One must be really stubborn to not see tha the Areos Pagos was not a random court of law that anyone could speak at. It only tried murderers and serious offenders. Paul either committed murder, pederasty or rape, otherwise he was never at the Areos Pagos. When you're in front of a handful of people, you don't say "men of Athens", you say something else. Men of Athens implies that you have a great crowd. That was not possible at Areos Pagos. It was possible in the Agora but then it means he did not go to the Areos Pagos which is what is said he did.
EDIT: Link in English here:
http://www.stoa.org/projects/demos/article_areopagus?page=all&greekEncoding=
In the 4th century BCE, the Areopagus was responsible for trying cases of the most serious crimes. Aristotle says: “Trials for deliberate murder and wounding are held in the Areopagus, and for causing death by poison, and for arson” (Aristot. Ath. Pol. 57.3; Dem. 23.22). Other kinds of murder—involuntary homicide, conspiracy to murder, murder of a slave, resident alien, or foreign—were tried at the Palladium (Aristot. Ath. Pol. 57.3). Still other kinds of murder—when the accused claimed that the killing was legal, as a matter of self-defense or in a case of adultery, or if someone accidentally killed a fellow citizen in war or during an athletic competition—were tried at the Delphinium (Aristot. Ath. Pol. 57.3). In the case of adultery, the orator Lysias says that “the Court of the Areopagus itself, to which has been assigned, in our own as in our fathers’ time, the trial of suits for murder, has expressly stated that whoever takes this vengeance on an adulterer caught in the act with his spouse shall not be convicted of murder” (Lys. 1.30).
Demosthenes (Dem. 20).
But, as Demosthenes says, the Areopagus was the “guard” (φύλαξ) against “vengeful murder” (οἱ περὶ ἀλλήλους φόνοι) (Dem. 20.157).
It is also clear from that link that there was no jury at the Aereos Pagos. So how could 500 people vote on Socrates' life?
And some more links:
http://law2.umkc.edu/faculty/projects/ftrials/socrates/greekcrimpro.html
The trial of Socrates took place over a nine-to-ten hour period in the People's Court, located in the agora, the civic center of Athens. The jury consisted of 500 male citizens over the age of thirty, chosen by lot from among volunteers.
http://books.google.co.uk/books?id=...Bg#v=onepage&q=socrates trial heliaia&f=false
Heliaia (Ηλιαία)... the appropriate court for impiety...

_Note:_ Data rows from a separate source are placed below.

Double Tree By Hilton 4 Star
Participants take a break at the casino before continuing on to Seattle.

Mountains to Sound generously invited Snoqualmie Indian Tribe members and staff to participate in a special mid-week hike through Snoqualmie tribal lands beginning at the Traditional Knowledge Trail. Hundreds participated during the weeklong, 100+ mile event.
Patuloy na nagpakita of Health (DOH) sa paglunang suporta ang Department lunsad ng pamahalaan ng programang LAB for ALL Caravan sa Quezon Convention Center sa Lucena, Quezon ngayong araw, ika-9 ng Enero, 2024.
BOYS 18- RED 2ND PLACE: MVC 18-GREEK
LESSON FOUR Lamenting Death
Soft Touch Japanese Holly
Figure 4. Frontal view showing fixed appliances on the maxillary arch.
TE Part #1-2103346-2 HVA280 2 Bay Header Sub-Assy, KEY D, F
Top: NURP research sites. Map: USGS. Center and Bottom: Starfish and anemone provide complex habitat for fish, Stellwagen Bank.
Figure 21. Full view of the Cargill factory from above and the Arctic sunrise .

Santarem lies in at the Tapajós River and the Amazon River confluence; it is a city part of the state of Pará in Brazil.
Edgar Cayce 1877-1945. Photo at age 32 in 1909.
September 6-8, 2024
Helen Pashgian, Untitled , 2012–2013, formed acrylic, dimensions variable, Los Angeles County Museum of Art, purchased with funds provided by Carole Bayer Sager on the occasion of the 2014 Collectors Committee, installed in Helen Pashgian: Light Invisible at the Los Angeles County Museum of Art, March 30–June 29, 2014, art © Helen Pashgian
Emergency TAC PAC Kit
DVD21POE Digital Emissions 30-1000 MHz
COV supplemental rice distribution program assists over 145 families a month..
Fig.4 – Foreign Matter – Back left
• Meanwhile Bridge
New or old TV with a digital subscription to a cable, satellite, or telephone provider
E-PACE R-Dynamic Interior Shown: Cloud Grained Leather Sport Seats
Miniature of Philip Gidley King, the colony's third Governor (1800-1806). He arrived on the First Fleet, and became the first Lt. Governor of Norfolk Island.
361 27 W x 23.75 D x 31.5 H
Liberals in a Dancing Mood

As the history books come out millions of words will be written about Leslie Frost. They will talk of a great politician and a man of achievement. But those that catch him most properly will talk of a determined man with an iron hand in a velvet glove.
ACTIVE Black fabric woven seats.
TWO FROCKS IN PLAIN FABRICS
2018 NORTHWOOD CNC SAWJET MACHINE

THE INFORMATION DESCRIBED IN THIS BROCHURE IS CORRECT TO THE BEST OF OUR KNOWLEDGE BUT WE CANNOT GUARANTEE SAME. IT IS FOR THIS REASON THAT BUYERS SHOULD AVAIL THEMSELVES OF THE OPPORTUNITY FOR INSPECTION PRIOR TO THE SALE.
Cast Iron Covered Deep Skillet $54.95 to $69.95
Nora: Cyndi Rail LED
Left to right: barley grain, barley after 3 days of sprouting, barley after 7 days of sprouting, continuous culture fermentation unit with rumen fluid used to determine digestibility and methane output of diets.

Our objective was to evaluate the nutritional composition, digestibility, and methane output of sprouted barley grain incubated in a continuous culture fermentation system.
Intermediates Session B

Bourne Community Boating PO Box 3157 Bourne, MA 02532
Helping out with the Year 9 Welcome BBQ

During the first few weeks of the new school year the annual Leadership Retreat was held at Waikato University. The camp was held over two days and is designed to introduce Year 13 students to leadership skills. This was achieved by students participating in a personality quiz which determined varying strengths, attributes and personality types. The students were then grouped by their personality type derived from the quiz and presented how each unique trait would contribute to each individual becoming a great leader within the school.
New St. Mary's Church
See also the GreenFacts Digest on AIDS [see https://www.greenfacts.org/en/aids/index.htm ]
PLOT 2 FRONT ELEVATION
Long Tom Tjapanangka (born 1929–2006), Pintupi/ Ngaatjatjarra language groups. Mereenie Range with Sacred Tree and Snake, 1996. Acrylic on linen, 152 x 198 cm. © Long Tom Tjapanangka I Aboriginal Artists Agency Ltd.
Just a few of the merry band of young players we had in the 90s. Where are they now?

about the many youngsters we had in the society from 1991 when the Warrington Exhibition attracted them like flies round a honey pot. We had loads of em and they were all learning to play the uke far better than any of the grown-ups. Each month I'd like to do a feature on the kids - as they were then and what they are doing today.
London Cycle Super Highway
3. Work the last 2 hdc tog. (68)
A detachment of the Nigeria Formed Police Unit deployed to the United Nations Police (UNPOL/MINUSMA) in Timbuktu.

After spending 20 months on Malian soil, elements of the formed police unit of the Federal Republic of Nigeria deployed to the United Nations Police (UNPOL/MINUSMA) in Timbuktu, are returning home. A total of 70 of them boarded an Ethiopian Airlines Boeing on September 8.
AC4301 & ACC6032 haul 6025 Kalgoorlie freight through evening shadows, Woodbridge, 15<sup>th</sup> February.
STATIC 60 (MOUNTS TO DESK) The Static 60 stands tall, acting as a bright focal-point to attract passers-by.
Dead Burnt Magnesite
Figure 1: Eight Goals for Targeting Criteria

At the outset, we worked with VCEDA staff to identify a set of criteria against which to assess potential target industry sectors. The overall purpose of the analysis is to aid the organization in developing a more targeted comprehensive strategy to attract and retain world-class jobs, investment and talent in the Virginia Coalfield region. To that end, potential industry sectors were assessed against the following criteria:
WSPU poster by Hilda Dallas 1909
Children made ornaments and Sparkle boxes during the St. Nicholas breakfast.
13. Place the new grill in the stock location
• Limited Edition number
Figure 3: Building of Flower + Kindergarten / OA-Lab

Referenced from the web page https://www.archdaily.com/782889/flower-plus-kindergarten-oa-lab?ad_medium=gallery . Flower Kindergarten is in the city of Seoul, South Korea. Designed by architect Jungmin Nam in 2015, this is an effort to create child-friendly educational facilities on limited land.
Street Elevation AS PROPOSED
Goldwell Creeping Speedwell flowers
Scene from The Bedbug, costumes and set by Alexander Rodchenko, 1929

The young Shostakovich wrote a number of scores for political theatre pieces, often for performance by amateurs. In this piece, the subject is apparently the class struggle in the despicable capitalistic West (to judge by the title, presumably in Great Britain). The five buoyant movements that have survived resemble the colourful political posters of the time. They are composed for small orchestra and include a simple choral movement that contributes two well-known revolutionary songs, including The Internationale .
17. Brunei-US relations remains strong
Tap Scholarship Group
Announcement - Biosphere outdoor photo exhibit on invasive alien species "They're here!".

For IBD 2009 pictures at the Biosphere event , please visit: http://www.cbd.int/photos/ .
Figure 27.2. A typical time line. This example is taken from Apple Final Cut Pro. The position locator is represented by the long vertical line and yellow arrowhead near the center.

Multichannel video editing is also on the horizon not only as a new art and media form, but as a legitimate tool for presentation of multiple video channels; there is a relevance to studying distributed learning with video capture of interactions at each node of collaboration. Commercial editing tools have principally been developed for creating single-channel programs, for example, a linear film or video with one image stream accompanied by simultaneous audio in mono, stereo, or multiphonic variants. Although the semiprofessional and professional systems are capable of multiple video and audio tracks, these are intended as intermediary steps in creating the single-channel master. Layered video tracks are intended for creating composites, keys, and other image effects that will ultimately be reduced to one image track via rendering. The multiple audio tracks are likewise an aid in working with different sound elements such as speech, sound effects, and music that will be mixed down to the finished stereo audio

From a book, since you like books
http://abacus.bates.edu/~mimber/athlit02/lecture5.1.htm
Socrates trial was held in the heliastic court, most likely before a jury of 501. The Heliaia were established by Solon and clearly important in the development of democracy at Athens. The word heliaia linguistically means assembly, but it may have meant in use, an assembly which hears judicial appeals (and thus limits the authority of the archons to decide lawsuits). It is very difficulty to distinguish between the functions of the heliaia and the dikasterion during the democratic period. Dikasterion is the ordinary Athenian word for "lawcourt." Each board of archons in the democracy had its own court, and the court of the archons called thesmothetai (who supervised trials of political cases) was called the heliaia. However, the word is occasionally used simply to mean, "the people's court," i.e. as a synomnym of dikasterion.
http://www.sgt.gr/uploads/Socrates_Anagnostopoulos_eng.pdf
According to Plato it was Heliaia... but you said Plato makes no such mention....
http://books.google.co.uk/books?id=...BQ#v=onepage&q=socrates trial heliaia&f=false
...he was put on trial, at the Heliaia... [another book btw, gotta love books]
As I said, it's common knowledge. You're either too stubborn as a person, a devout Christian or both. I can't explain your opposition to facts otherwise.